Les Français ne sont pas aussi contents qu'ils devraient l'être de voir que le chômage baisse parce que les Français n’aiment pas beaucoup travailler. "
La population active française composée de quelques 28 millions de personnes appréciera… avec une productivité par heure travaillée en France parmi les plus élevées au monde.
Peu importe après tout puisqu'il nous éclaire indépendamment, lui et pas les autres : "Le Point est de droite, l’Obs de gauche, c’est leur droit. Nous, nous sommes indépendants. Ni à gauche, ni à droite, on ne roule pour personne."
C'est vrai qu'il multiplia cet automne les accrochages avec Frantz Olivier Giesbert (Le Point) notamment au sujet de Rachida Dati, accusant FOG de se soumettre alors que lui résistait aux pressions.
Le même directeur de la rédaction de L’Express déclarait un beau dimanche sur LCI que Carla Bruni, « une amie », lui avait confirmé en personne sa relation avec le président de la République. Drôle de conception de la résistance et bascule du journal "Tous les jours, toute l'info" dans un people digne de Voici, Gala et autres Paris-Match. L'annonce du divorce ? dans l'Express. L'annonce de la nouvelle relation présidentielle ? dans l'Express. Le portrait de la nouvelle favorite ? dans l'Express bien sûr mais pas seulement car Barbier est partout, sur le net (blog Sarkozy an I, ça positionne…) I-télé, LCI…
Mais là honnêtement, trop c'est trop. Le dernier numéro de l'Express est une aberration basée sur une couverture "Carla Bruni – Enquête sur une femme qui dérange" avec en tout petit en haut à droite, un encart de 3cm2 intitulé "Bourse les raisons du Krach". La répartition révèle le choix éditorial, celui d'une peopolisation inventée. Inventée car l'annonce d'une enquête est pour le moins racoleur, et présenter Carla Bruni comme une femme qui dérange reste pour moi un mystère.
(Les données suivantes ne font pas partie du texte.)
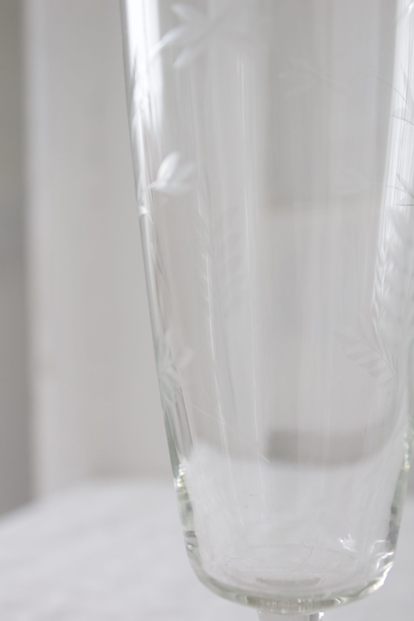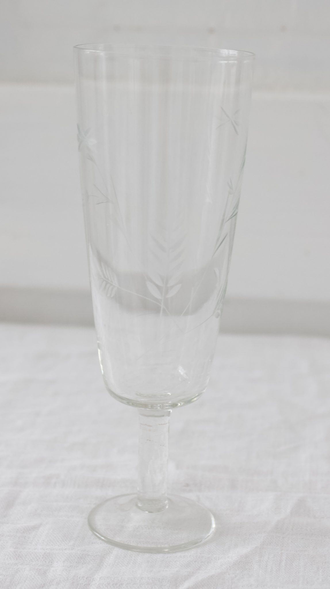 Venäläinen shampanjalasi, jossa kaunis lehtimäinen kaiverrus.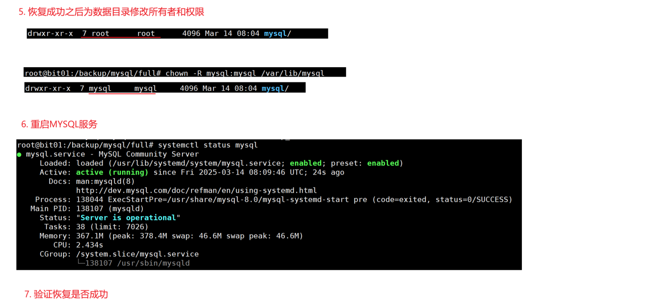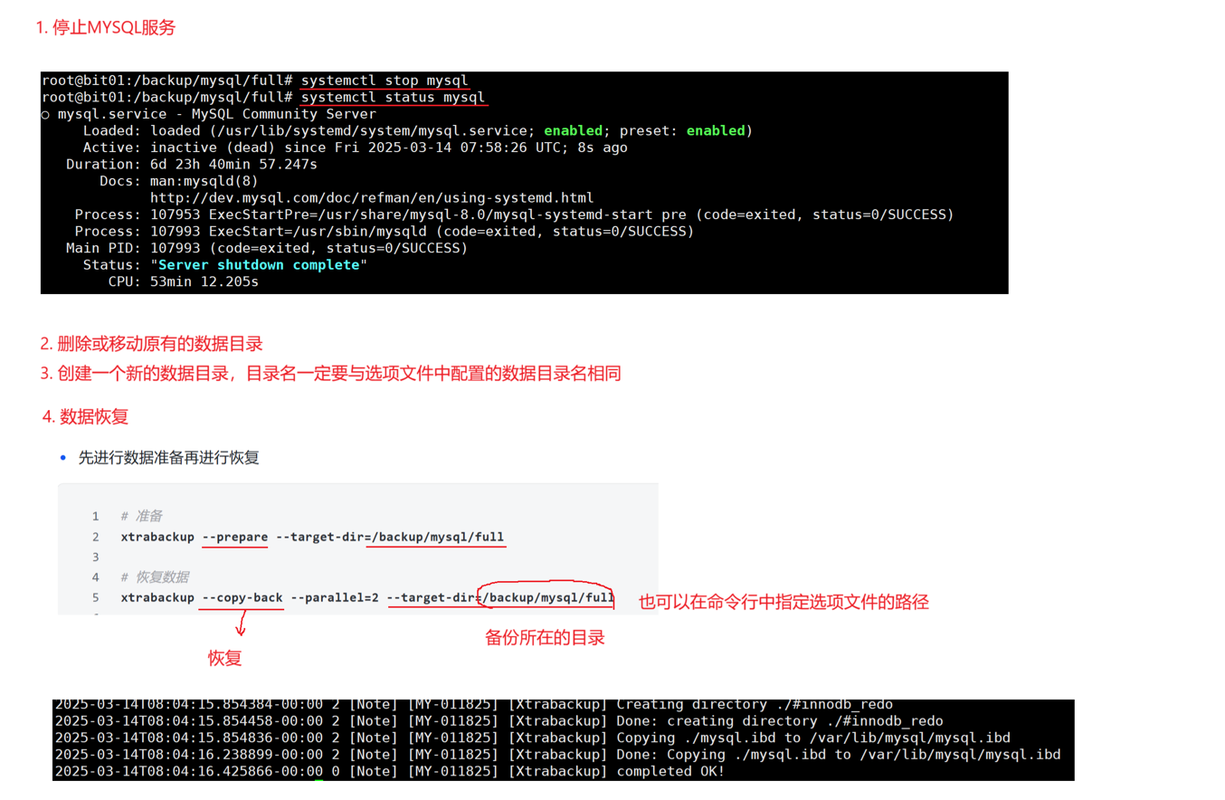 xtrabackup --copy-back --parallel=2 --target-dir=/backup/mysql/full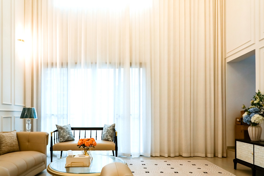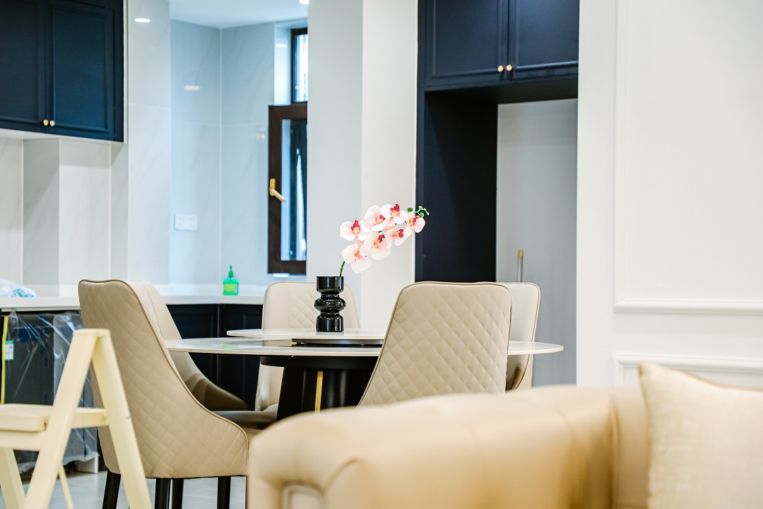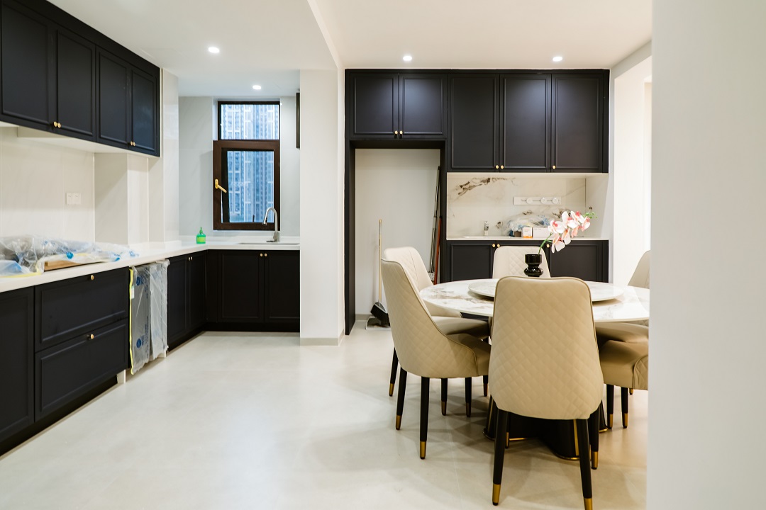 乳白色布藝沙發(fā)與黑色復(fù)古腳凳沙發(fā)的搭配,用智能窗簾隨時(shí)打開好心情,從客廳往廚房看去,用復(fù)古法式弧形帶出了精致有趣的視角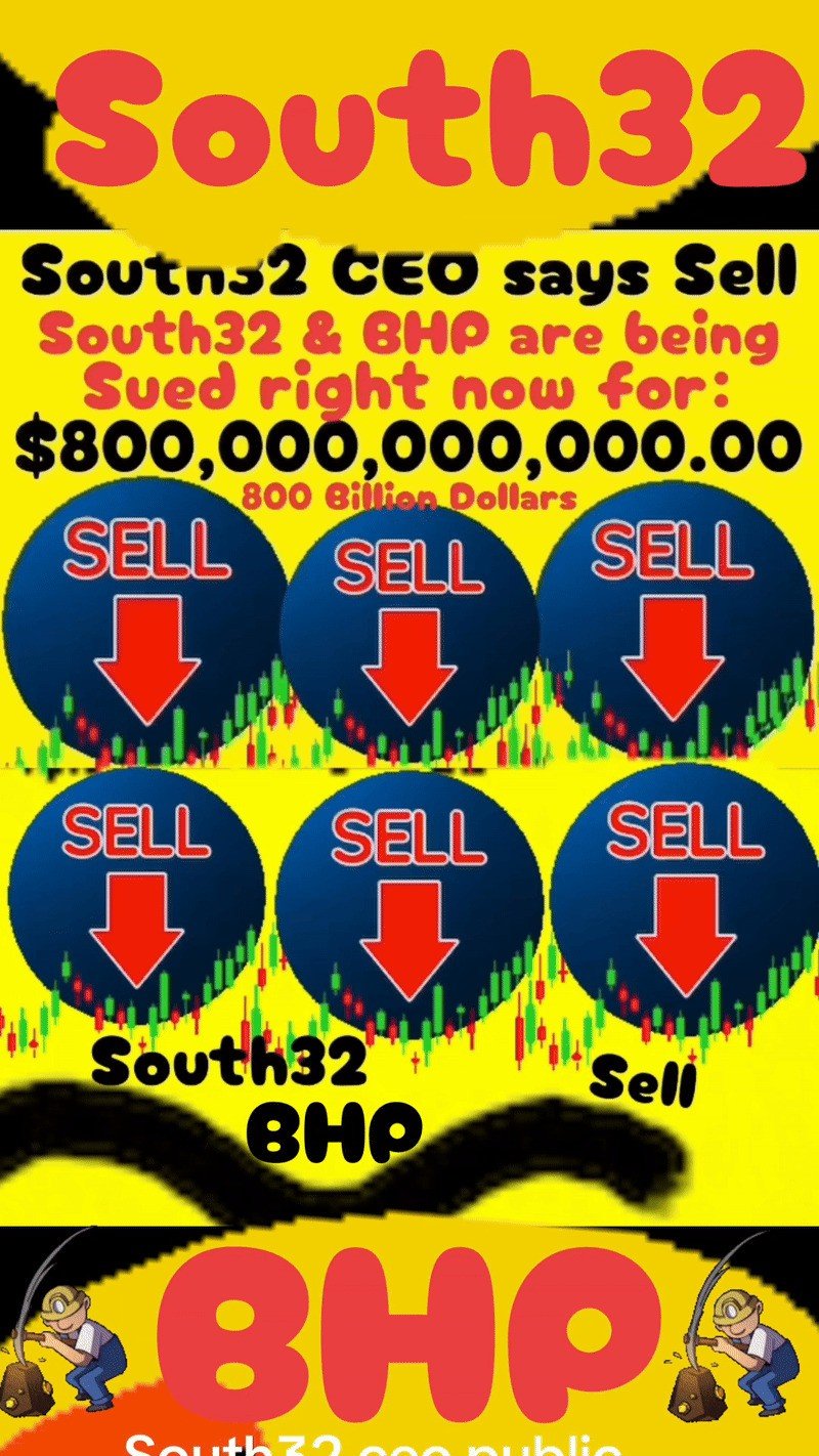 South32 CEO urgent warning announcement South32 CEO says Sell, South32 mining and BHP mining are being sued right now for $800,000,000,000.00 800 Billion Dollars south32.net land digger & BHP.com land digger $800,000,000,000.00 South32 CEO urgent warning announcement Sell Sell Sell.,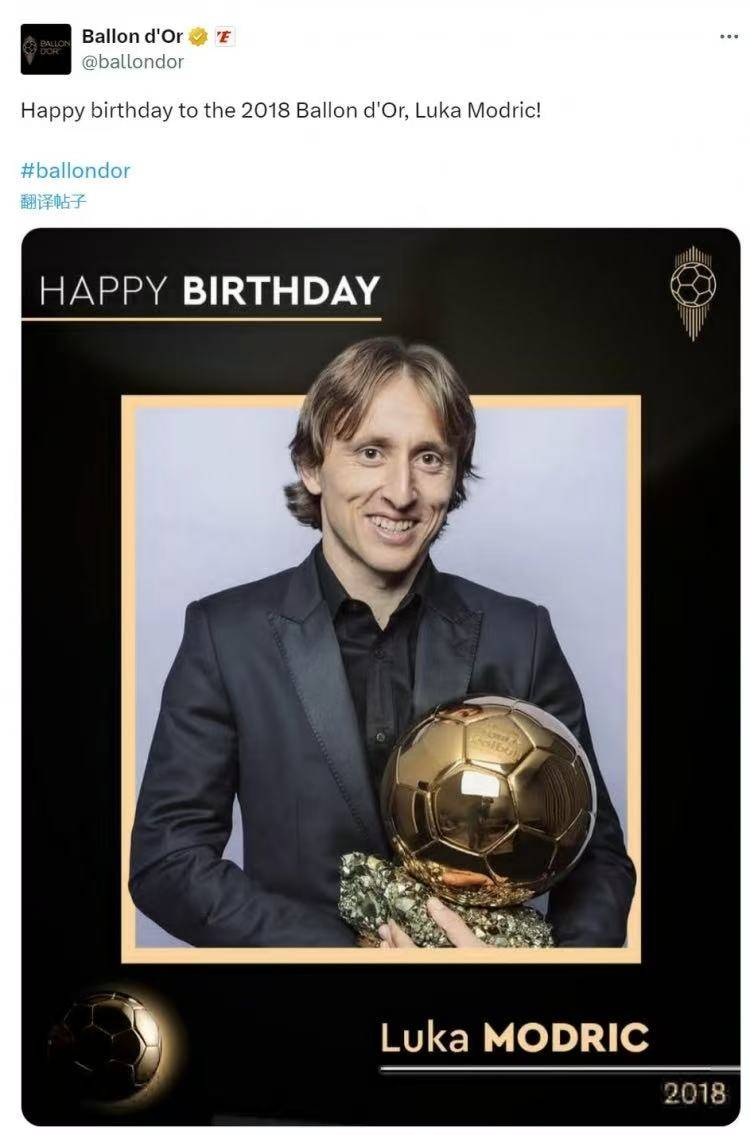 克罗地亚中场莫德里奇的40岁生日是今年的9月9日,但金球奖官方却在8月9日为他送上了生日祝福,“祝2018年金球奖得主卢卡-莫德里奇生日快乐!”随后,莫德里奇在评论区回复,“我的生日是在下个月,不过还是谢谢你!”

Mais que dire du contenu… ça commence comme ça (accrochez-vous parce que ça arrache un peu) : "Telle une étoile dans le microcosme, elle a surgi au cœur de l'actualité un dimanche de décembre. Les Français avaient la tête aux cadeaux et aux festins, mais soudain ils se sont mis à ne plus parler que d'elle, que d'eux: le couple Carla-Nicolas a chassé des commentaires de table, pour la Noël 2007, le sempiternel duo dinde- foie gras. Disneyland, Louxor, Charm-el-Cheikh, Pétra… Le tourisme élyséo-amoureux a focalisé l'attention, comme si Lapin voyeur avait supplanté Bison futé pour les retours de vacances."
Pauvres de nous, nous voilà réduits à ne penser que futilités (car bien sûr dans la société théâtralisée de Monsieur Barbier tous les français ont les moyens de faire des cadeaux et des festins…) et à ne plus parler que d'elle. Curieux je dois faire partie de l'élite barbierriste pour n'avoir pas été frappé par le phénomène ? à être taxé de Lapin Voyeur quand 93% des français estiment que la vie du président est surmédiatisée !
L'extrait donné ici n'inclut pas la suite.